START Data shown

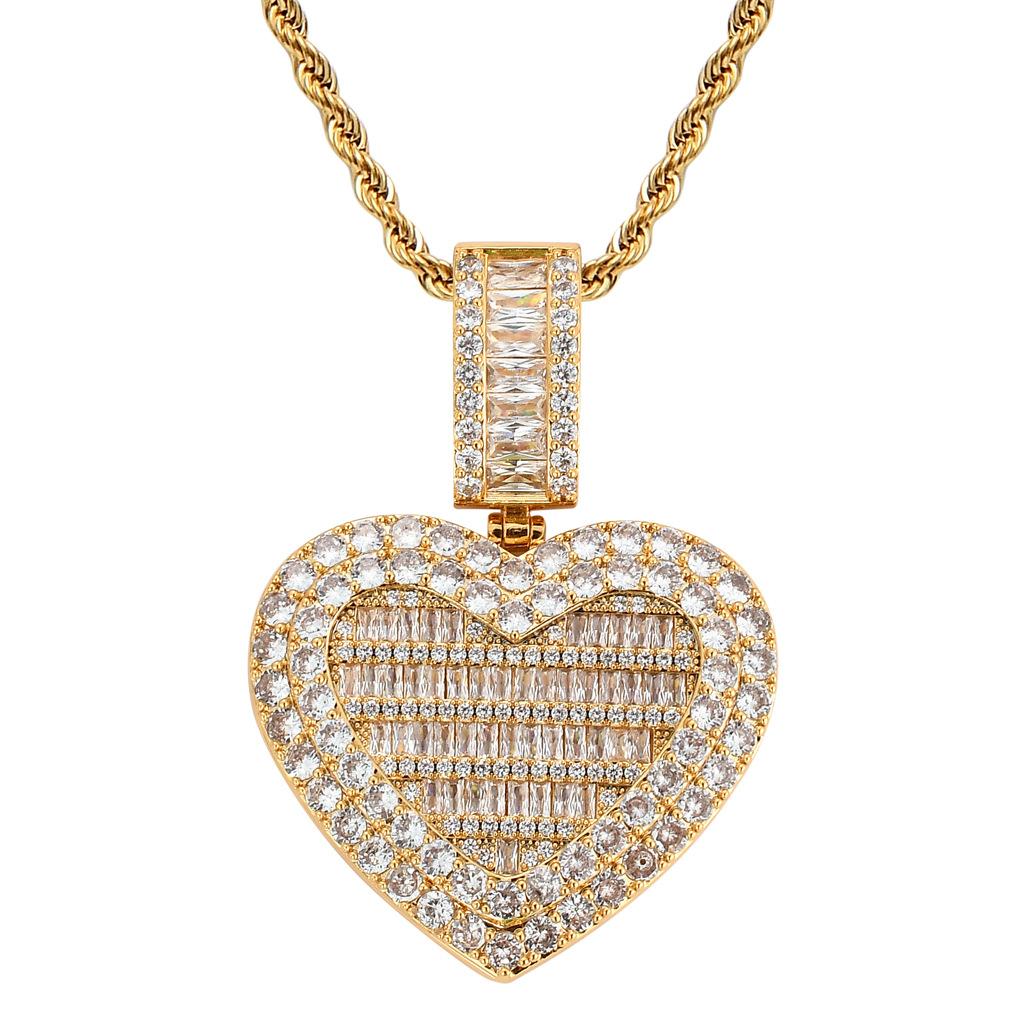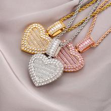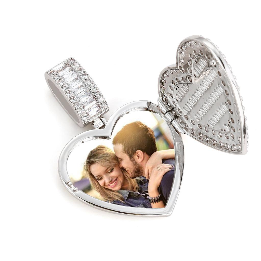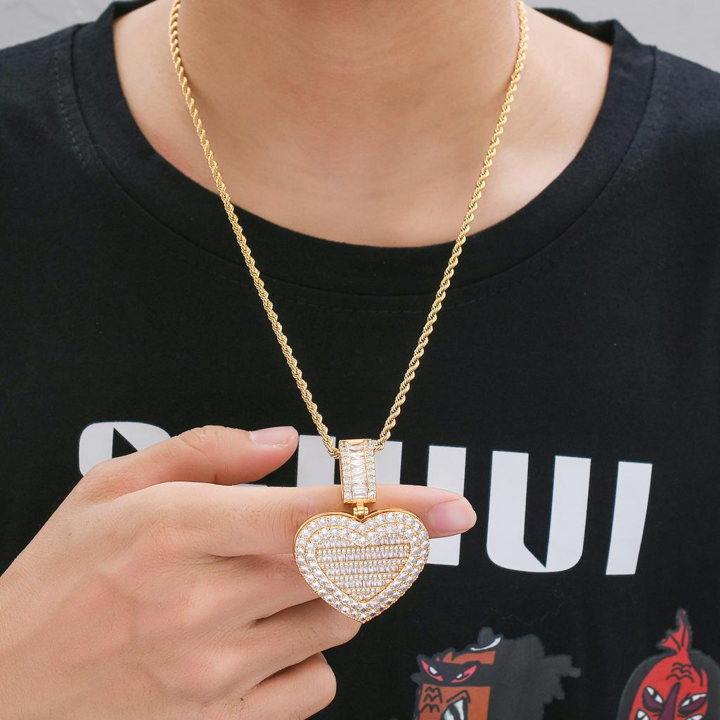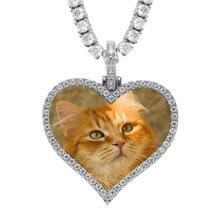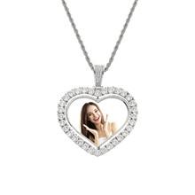 Collar europeo y americano con foto de hip-hop en forma de corazón, marco de fotos de pareja masculina y femenina, colgante conmemorativo, collar sólido de circonita microengarzado
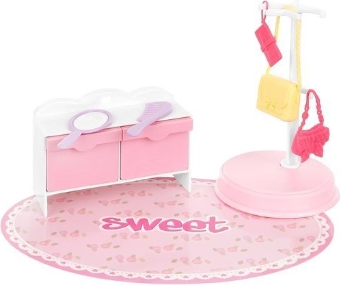 - Rendrakás tanulása – A szett tartalmaz fogasokat a ruhák számára, valamint helyet a cipőknek és táskák elhelyezésére, így segíti a rendrakás megtanulását.
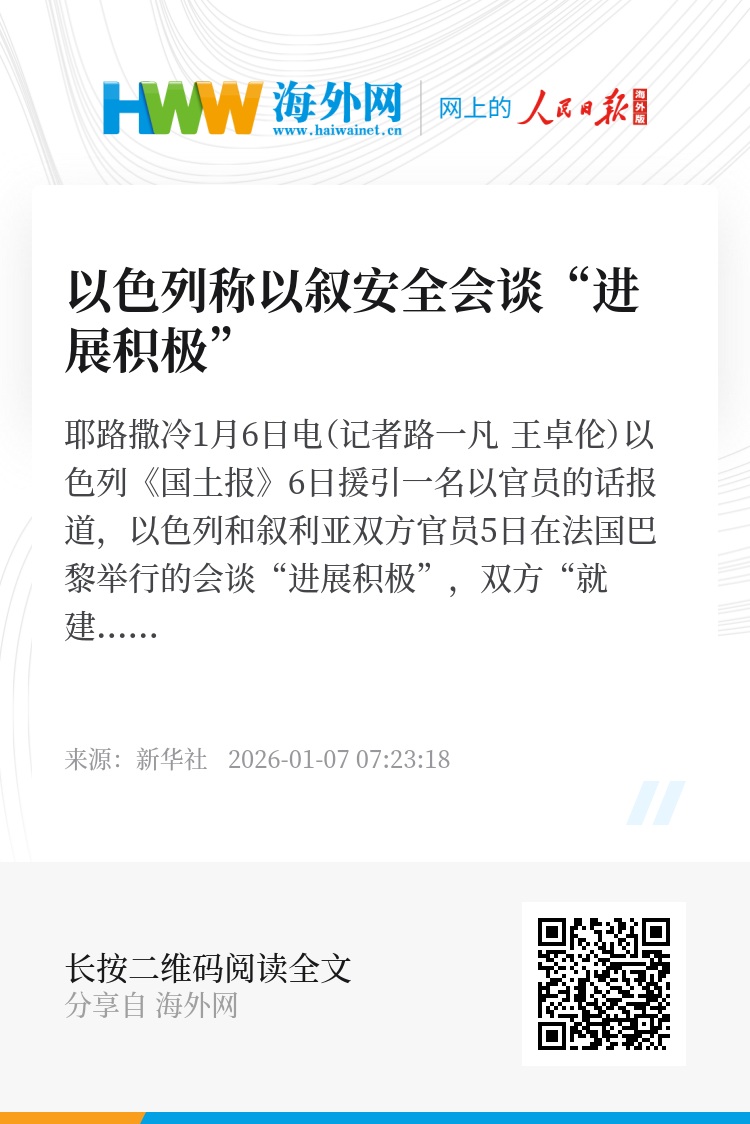 新华社耶路撒冷1月6日电(记者路一凡 王卓伦)以色列《国土报》6日援引一名以官员的话报道,以色列和叙利亚双方官员5日在法国巴黎举行的会谈“进展积极”,双方“就建立信任的举措达成一致”。

END Data shown

▶ [Aim of the exercise]:
The full text of the data above, exact and without pictures, is what to return.

▶ [Answer to the problem]:
 Collar europeo y americano con foto de hip-hop en forma de corazón, marco de fotos de pareja masculina y femenina, colgante conmemorativo, collar sólido de circonita microengarzado
 - Rendrakás tanulása – A szett tartalmaz fogasokat a ruhák számára, valamint helyet a cipőknek és táskák elhelyezésére, így segíti a rendrakás megtanulását.
 新华社耶路撒冷1月6日电(记者路一凡 王卓伦)以色列《国土报》6日援引一名以官员的话报道,以色列和叙利亚双方官员5日在法国巴黎举行的会谈“进展积极”,双方“就建立信任的举措达成一致”。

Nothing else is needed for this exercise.